_Work to be completed_:
Set down the data again word for word. Skip any pictures.

_Supplied data_:
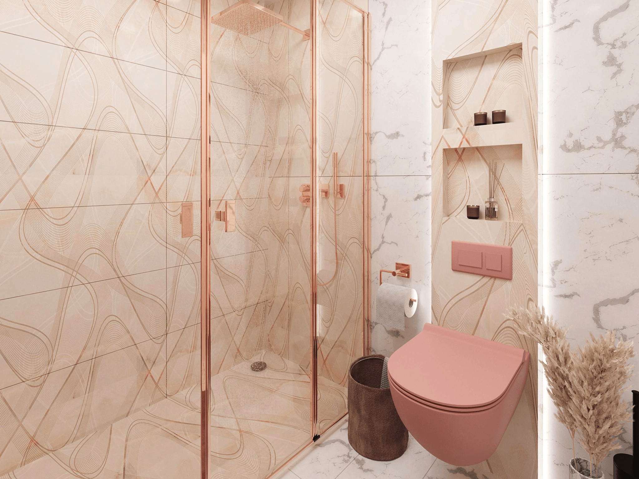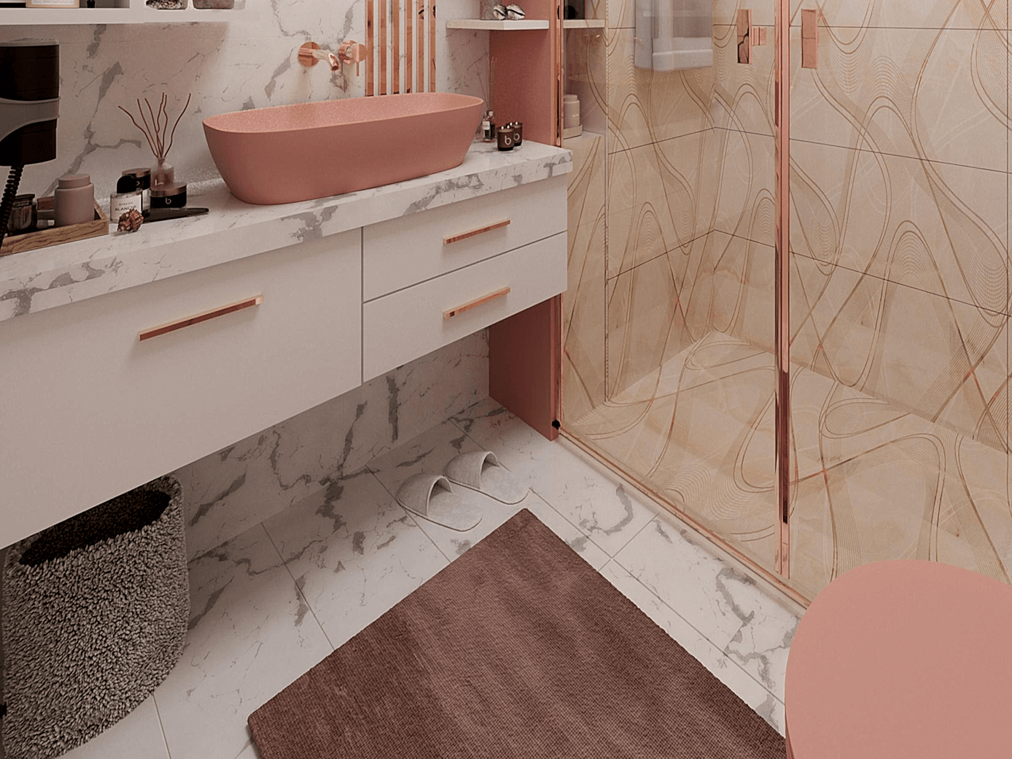 - Metal Fixtures: All metal details in the bathroom have been painted in rose gold to achieve a modern and elegant look.
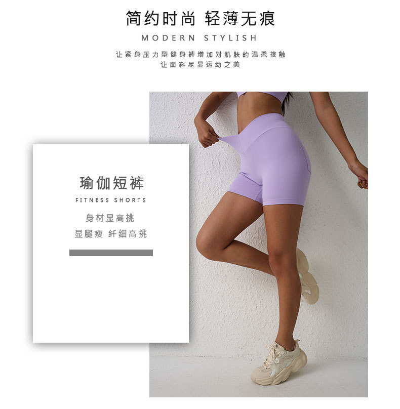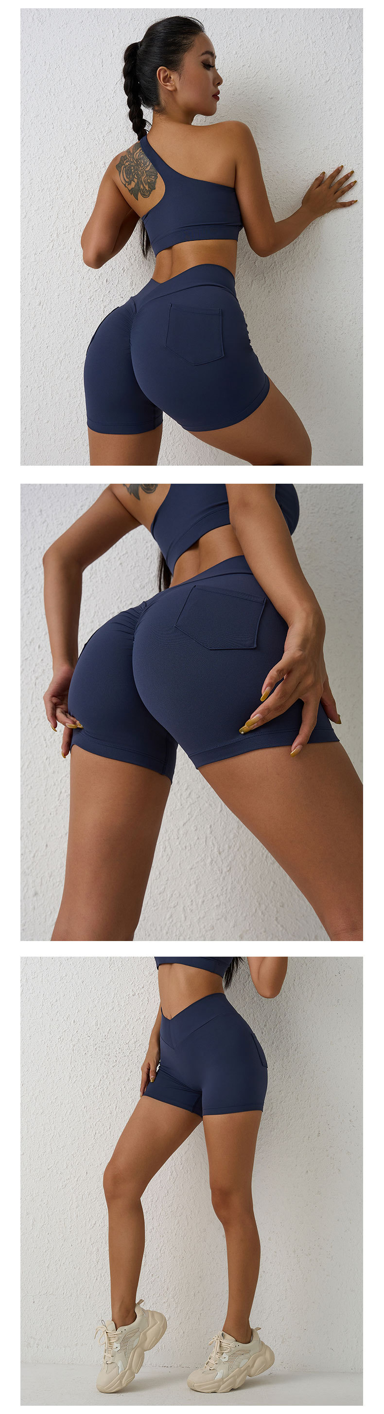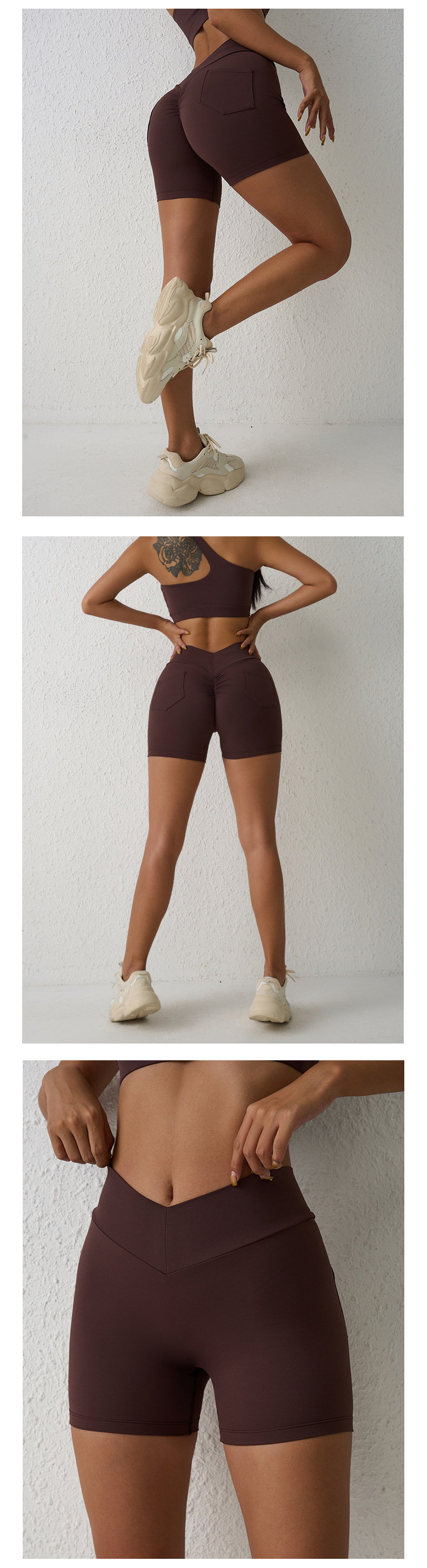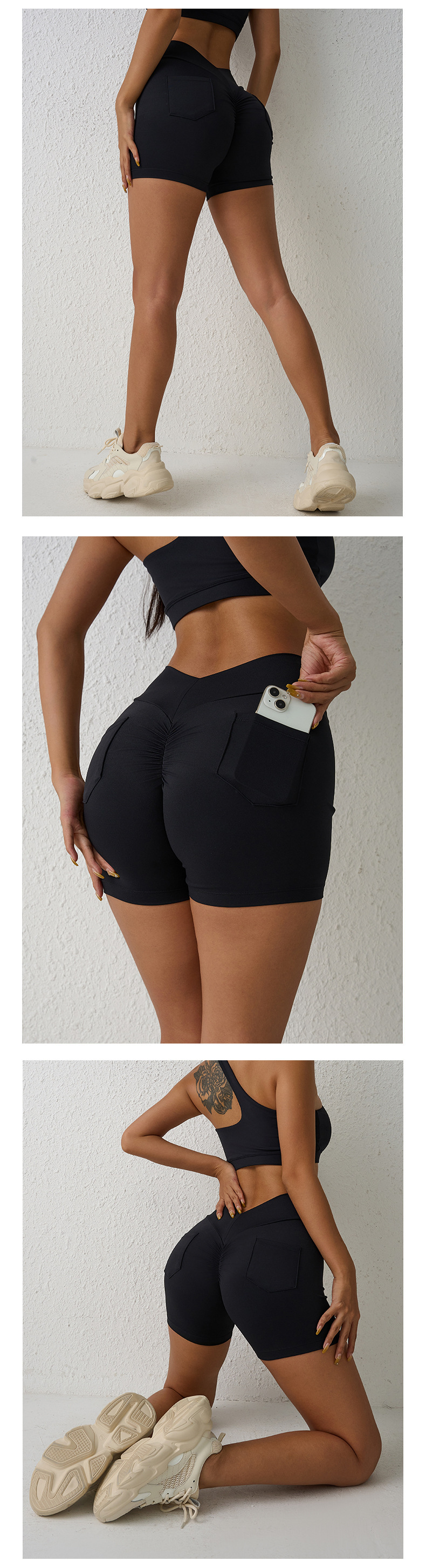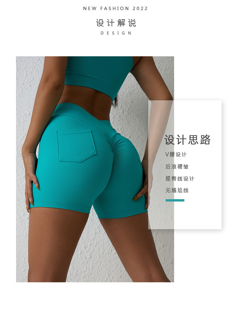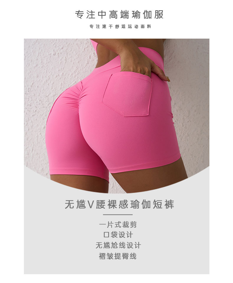 알몸 요가 반바지 카고 포켓 타이트 반바지 V 허리 주름 엉덩이 속건 피트니스 트레이닝 스포츠 반바지
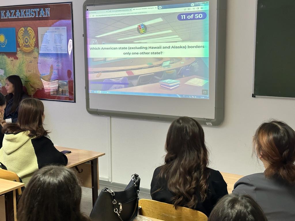 On November 8, 2023, in order to support students’ motivation to learn English, the curator of the Department of Foreign Languages Sarsenova A.M. held a game on the topic: “History, geography, culture and government of the USA” in academic groups ShT-22-01, ShT- 22-02 (2nd year, educational program “Foreign language: two foreign languages”). The winners were presented with memorable gifts.
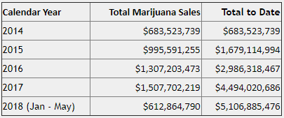 Total revenue collected from legal cannabis sales in Colorado fell again in May, according to Colorado Department of Revenue data. Legal pot sales accounted for about $122.9 million in May, DOR records show, slipping over $1.4 million from April’s total and dipping slightly below sales in May 2017.
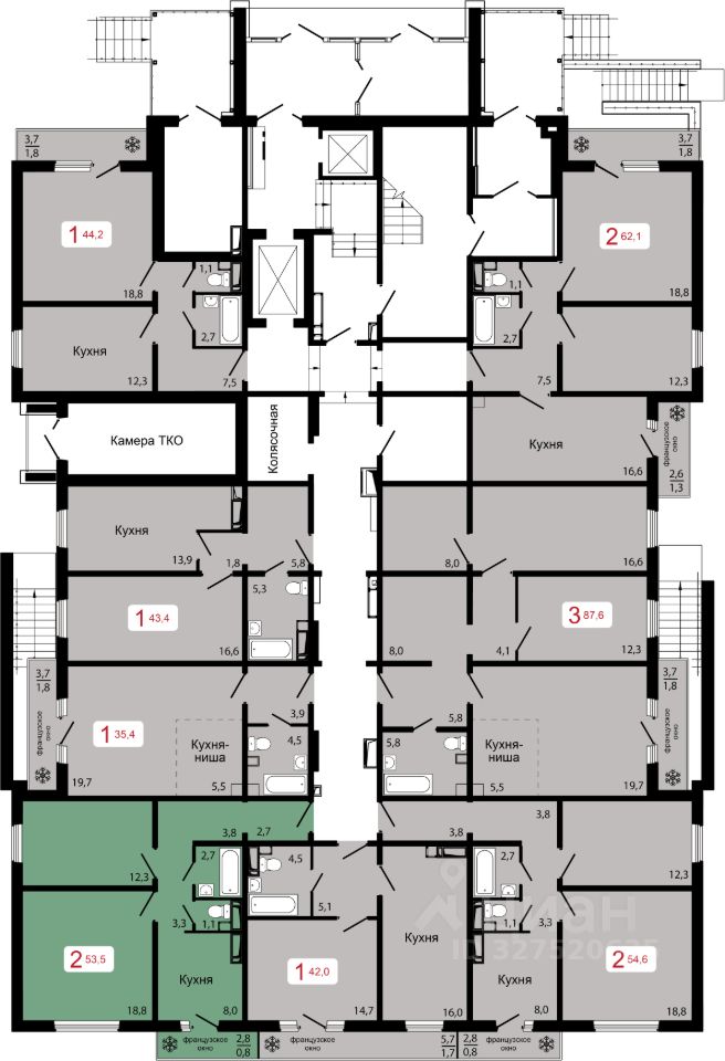 Продаётся 2-комнатная квартира в строящемся доме (Дом 3), срок сдачи: II-кв. 2027, общей площадью 53.5 кв.м., на 13 этаже.
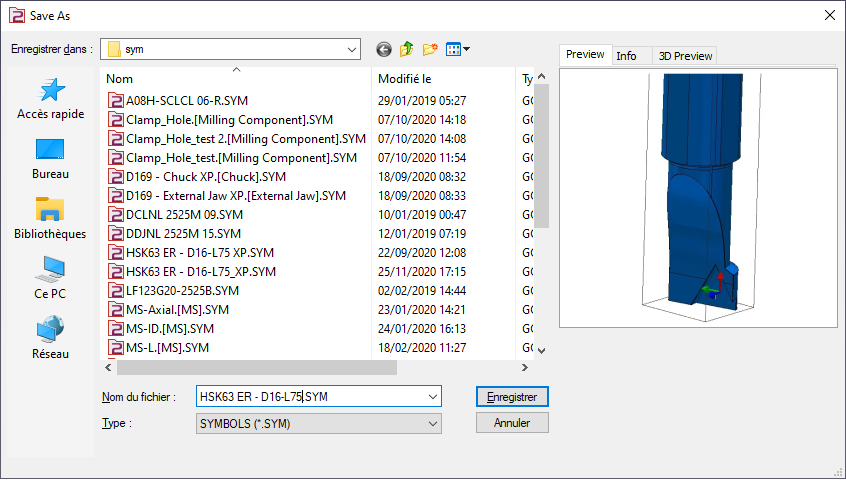 Enregistrez le fichier dans le dossier symboles de l'utilisateur pour une utilisation dans GO2cam. |

_Answer to this problem_:
 - Metal Fixtures: All metal details in the bathroom have been painted in rose gold to achieve a modern and elegant look.
 알몸 요가 반바지 카고 포켓 타이트 반바지 V 허리 주름 엉덩이 속건 피트니스 트레이닝 스포츠 반바지
 On November 8, 2023, in order to support students’ motivation to learn English, the curator of the Department of Foreign Languages Sarsenova A.M. held a game on the topic: “History, geography, culture and government of the USA” in academic groups ShT-22-01, ShT- 22-02 (2nd year, educational program “Foreign language: two foreign languages”). The winners were presented with memorable gifts.
 Total revenue collected from legal cannabis sales in Colorado fell again in May, according to Colorado Department of Revenue data. Legal pot sales accounted for about $122.9 million in May, DOR records show, slipping over $1.4 million from April’s total and dipping slightly below sales in May 2017.
 Продаётся 2-комнатная квартира в строящемся доме (Дом 3), срок сдачи: II-кв. 2027, общей площадью 53.5 кв.м., на 13 этаже.
 Enregistrez le fichier dans le dossier symboles de l'utilisateur pour une utilisation dans GO2cam. |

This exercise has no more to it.